事件は2018年11月にさかのぼる。韓国金融委員会傘下の証券先物委員会は、参与連帯などの市民団体が提起したサムスン・バイオロジックスの会計不正疑惑に対して「意図的重過失」という結論を下し、代表取締役解任勧告と課徴金80億ウォンという重い懲戒を下した。
サムスン・バイオロジックス(以下サムスン・バイオ )は、サムスングループがバイオ産業進出のために2011年に設立した医薬品委託製造(CMO)会社だ。設立以来4年連続で赤字が続いたサムスン・バイオは、2015年に1億9000億ウォン台の純利益を記録した。
サムスン・バイオ側は、サムスン・バイオエピスという子会社を関係会社に転換する際、持分の価値を帳簿価額(2900億ウォン)から市場価額(4兆8000億ウォン)に再評価して会計に反映したと主張したが、証券先物委員会はこれを故意の会計不正とみなした。

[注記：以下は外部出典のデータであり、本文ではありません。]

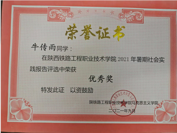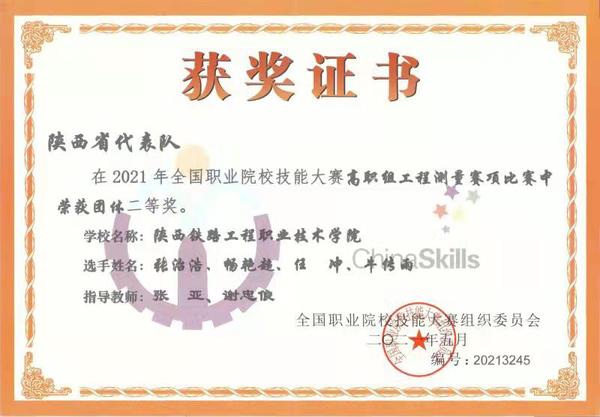 在老师与同学们的帮助及个人的努力下,综合成绩位列班级第二,专业第四,期间获得了“国家励志奖学金”“全国职业技能大赛工程测量赛项高职组团体二等奖”“陕铁院优秀在校生”“公司一等奖学金”“知识竞赛三等奖”“暑期社会实践报告优秀奖”等荣誉。
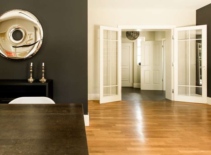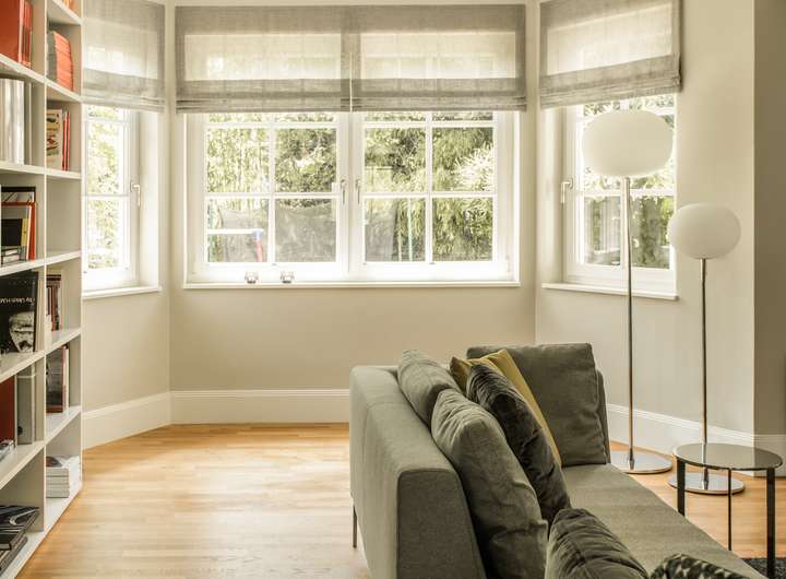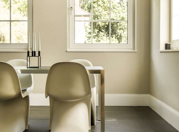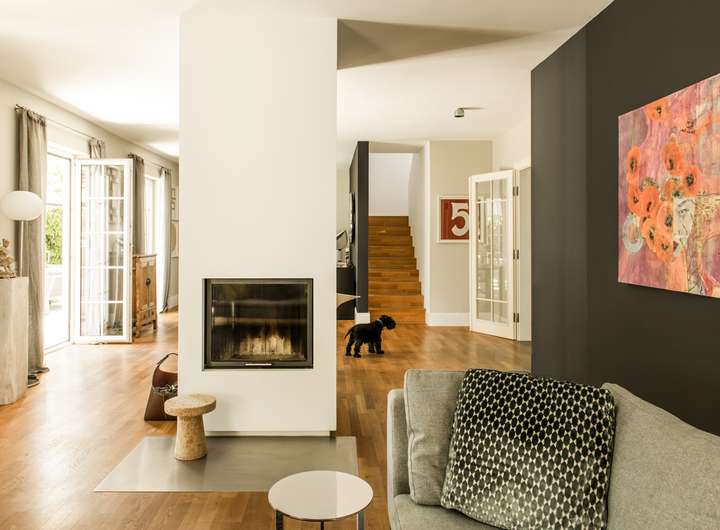 Das Herzstück des Hauses bildet der weitläufige Wohn- und Essbereich mit offenem Kamin. In den kühleren Monaten knistert hier das Feuer einladend, während bodentiefe Sprossenfenster den Blick in den Garten freigeben und den Raum mit natürlichem Licht durchfluten. Im Sommer öffnen sich französische Türen weit zur Terrasse - der Duft blühender Sträucher zieht herein.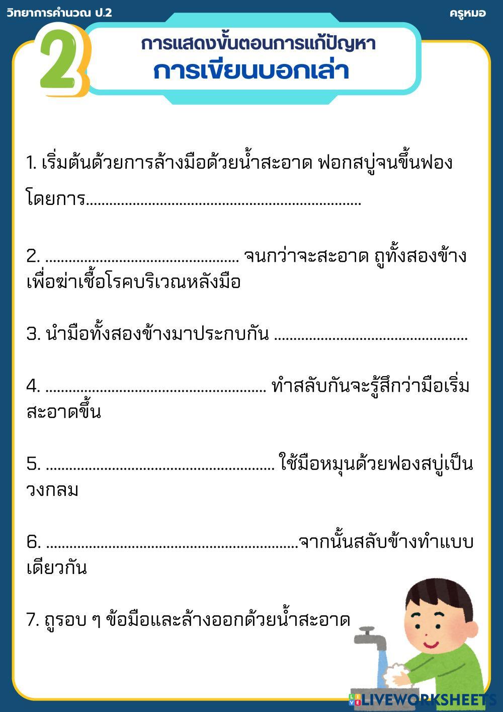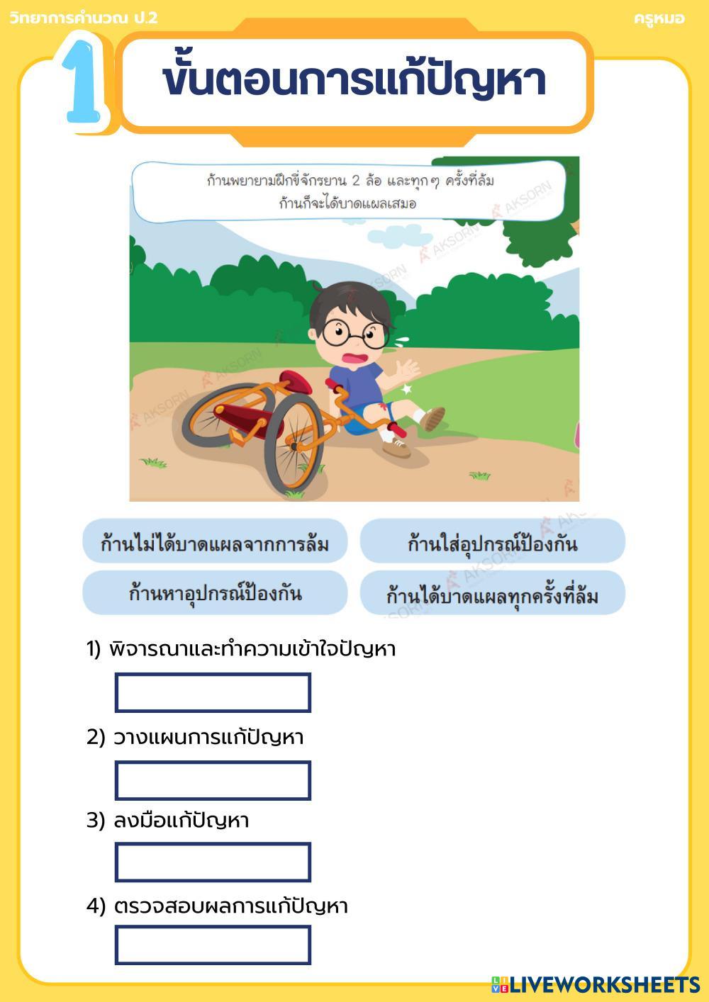 Created byDrTida computer ใบงาน รวบยอด การแสดงขั้นตอนการแก้ปัญหา ป.2 Edad 8+ level: 2 Thai Instrucciones del autor My Google Classroom Courses × 0 classes selected (0 students total) Quick Access Select all classes (0 classes) All Classes Loading courses... Cancelar Share Share to selected Course __COURSE_NAME__ __STUDENT_NAME__ (__STUDENT_EMAIL__) ใบงาน รวบยอด การแสดงขั้นตอนการแก้ปัญหา ป.2 Descargar Worksheet Validation Comprobar mis respuestas Emails my answers to my teacher Nombre completo Group/level Asignatura Teacher's email or key code Close Submit Validating worksheet... (12) Your answers have been sent to your teacher. Good luck! OK We encountered an error submitting your answers. Please try again. OK Anuncio | Ir sin anuncios Created byDrTida computer ใบงาน รวบยอด การแสดงขั้นตอนการแก้ปัญหา ป.2 Edad 8+ level: 2 Thai Instrucciones del autor

証券先物委員会はサムスン・バイオを会計不正で検察に告発し、事件はソウル中央地検特捜部に移った。ところが、検察はサムスン・バイオの会計不正はサムスン電子の経営承継と深い関係があるとみて、2015年に行われたサムスン物産と第一毛織の合併過程にまで捜査を拡大した。
サムスン・バイオの企業価値が膨らまされたことで親会社の第一毛織の株式も高評価を受け、サムスン物産との合併で第一毛織の株式が3倍に値上がりした。結局、サムスン物産の持分はないが、第一毛織の持分が多かった李副会長は、この合併で統合されたサムスン物産の株式の16.5%を持ち、筆頭株主となった。
サムスン物産はサムスン電子の2大株主であり、李副会長はサムスン物産を通じてサムスン電子に対する支配力を強めた。つまり、李副会長のサムスン電子経営権継承のため、サムスン・バイオの会計不正が行われたというのが検察の判断だ。
検察は最近まで、サムスングループに対する約50回の家宅捜索、110人余りの関連者に対する約430回の召喚調査など、強力な捜査を進めてきた。5月に入ってからは2回も李副会長を被疑者として召喚して事情聴取を行い、李副会長に対する起訴が迫っているという噂が聞こえていた。
そこで、副会長は2日に検察起訴の妥当性を判断してほしいという「検察捜査審議委員会」の審議を申請した。この事案が果たして起訴に値する事件なのかについて、検察ではなく外部の専門家たちが判断してほしいと要求したのだ。審議のために、15人からなる検察市民委員会が召集され、過半数の賛成を得ると捜査審議委に案件が渡される。
審議が終わるまでは起訴が見送られるため、遅延戦術という見方があった。しかし、李副会長に反撃された検察は2日後に電撃的に拘束令状を請求し、李副会長は再び拘束の岐路に立たされることになったのだ。李副会長に対する逮捕状の実質審査は8日に行われる。逮捕状が棄却されても、検察の起訴を避けることはできないというのが、韓国メディアの見方だ。
李副会長は今回の事件のほかにも、朴元大統領の国政醫断と関連した収賄容疑についても裁判が進行中だ。2018年2月の2審では懲役2年6ヶ月の執行猶予4年で釈放されたが、2019年8月の最高裁の上告審で2審の判決が「法理を誤解した誤りがある」として破棄・送還された。
この破棄・送還審で最高裁判所がサムスン電子が崔順実側に提供した賄賂の金額を86億ウォンと判断したことで、李副会長は実刑を免れないという見方が支配的だ。賄賂額が50億ウォンを超える場合は、特別犯罪加重処罰法によって5年以上の懲役刑に処され、執行猶予が不可能だからである。
一難去ってまた一難。サムスン電子と李副会長に未曾有の危機が迫っている。